If you want all *.c files in your directory which include the stdio.h file, you could do如果您想要目录中包含stdio.h文件的所有*.c文件,您可以这样做

grep "stdio\.h" *.c

(note - edited to respond to @Wooble's comment.) (注意 - 编辑以回应@Wooble 的评论。)

The result might look like this结果可能如下所示

myfile.c: #include <stdio.h>
thatFile.c: #include <stdio.h>

etc.等。

If you want to see "context" (eg the line before and after), use the C flag:如果您想查看“上下文”(例如之前和之后的行),请使用C标志:

grep -C1 "(void)" *.c

result:结果:

scanline.c-
scanline.c:int main(void){
scanline.c-  double sum=0;
--
tour.c-
tour.c:int main(void) {
tour.c-int *bitMap;

etc.等。

I think this should work well for you.我认为这对你来说应该很有效。

Again, addressing @Wooble's other point: if you really want to do this with Python, you could use再次,解决@Wooble 的另一点:如果你真的想用 Python 做到这一点,你可以使用

import subprocess

p = subprocess.Popen('grep stdio *.c', shell=True, stdout=subprocess.PIPE, stderr=subprocess.STDOUT)
for line in p.stdout.readlines():
    print line,
retval = p.wait()

Now you have access to the output "in Python" and can do clever things with the lines as you see fit.现在您可以访问“在 Python 中”的输出,并且可以按照您认为合适的方式使用这些行来做一些聪明的事情。

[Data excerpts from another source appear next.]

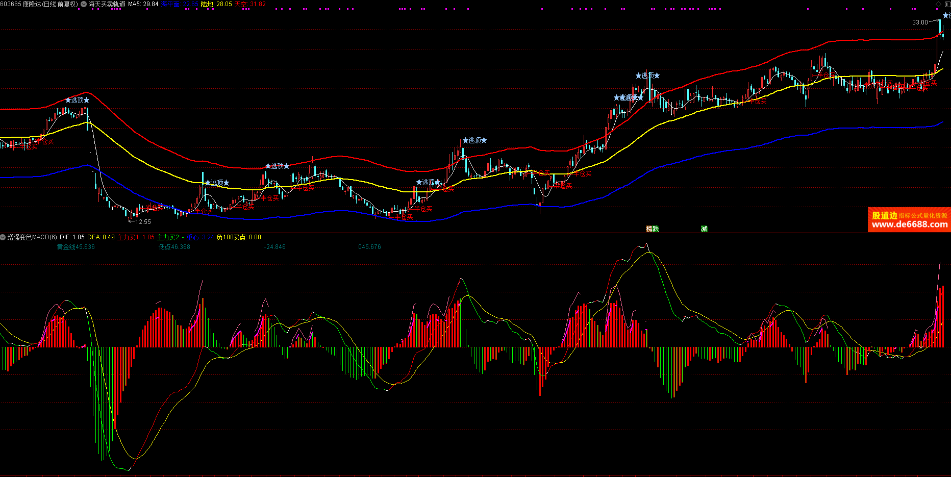 通达信软件使用 海天买卖轨道主图公式 仓位买 逃顶提示 主图指标源码
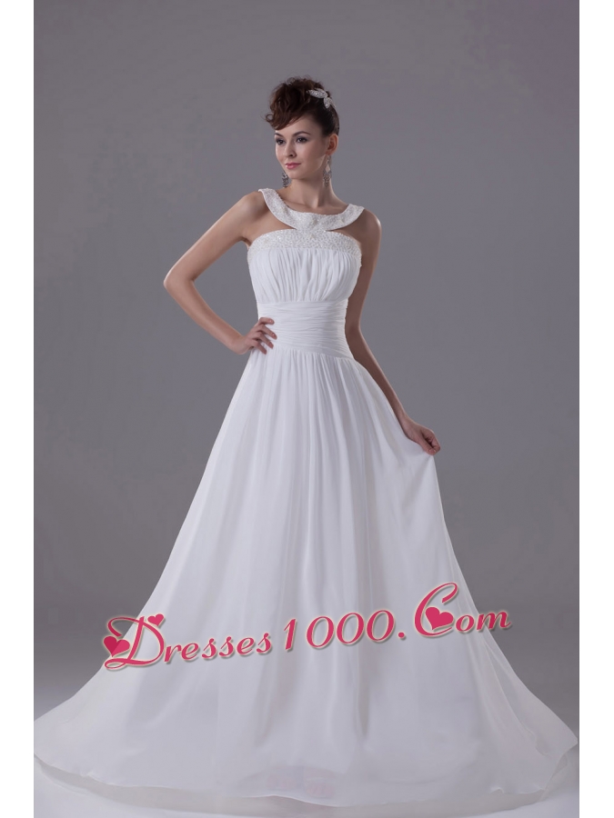 Scoop Neck Beading Princess Wedding Dress With Cross Criss Back
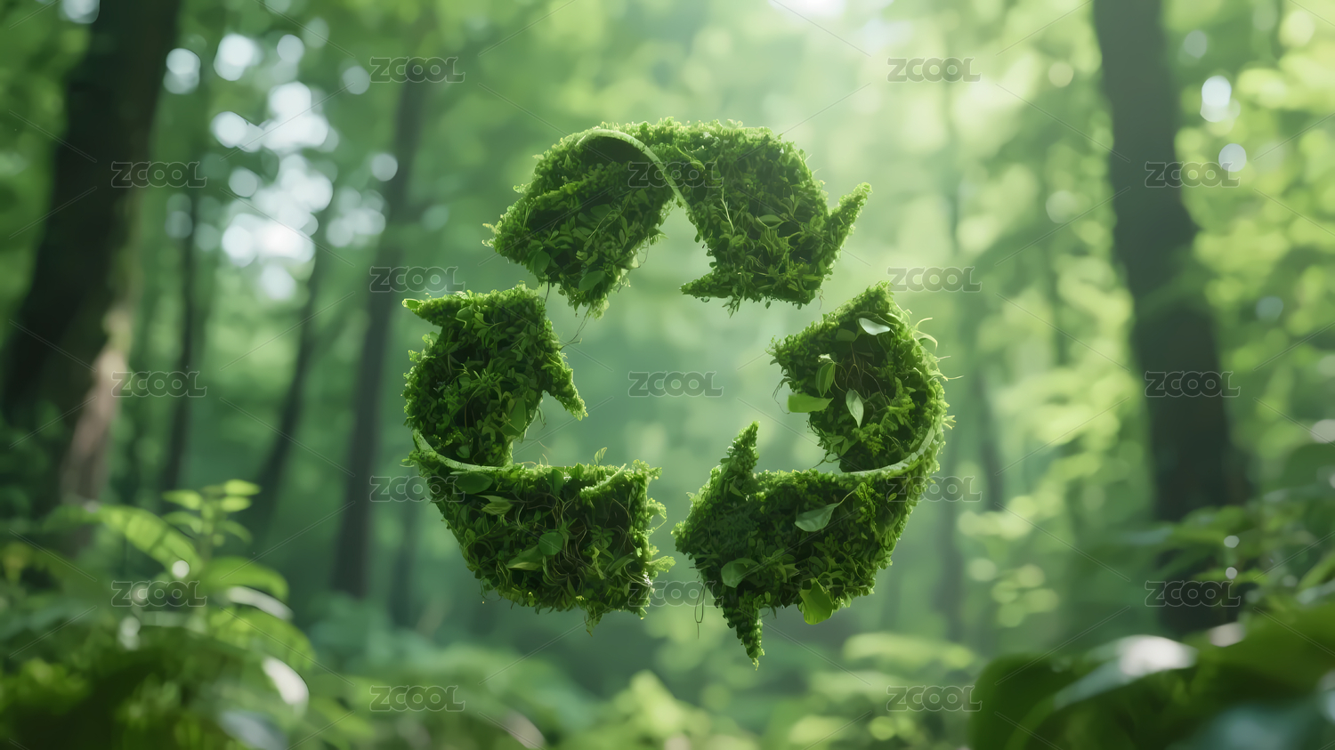绿色植物回收标志与森林

grep isn't always an option. grep 并不总是一种选择。 If you're writing a python script to be used in a work environment, and that environment happens to be primarily Windows, then you're biting off dependency management for your team when you tell them they need to have grep installed.如果您正在编写要在工作环境中使用的 Python 脚本,而该环境恰好主要是 Windows,那么当您告诉他们需要安装 grep 时,您就是在为团队进行依赖管理。 That's no good.那不好。

I haven't found anything faster than glob for searching the filesystem, but there are ways to speed up searching through your files.我没有找到比 glob 更快的搜索文件系统的方法,但是有一些方法可以加快搜索文件的速度。 For example, if you know your files are going to have a lot of short lines (like json or xml files for example) you could skip looking at any lines that are shorter than your smallest keyword.例如,如果您知道您的文件将有很多短行(例如 json 或 xml 文件),您可以跳过查看任何比最小关键字短的行。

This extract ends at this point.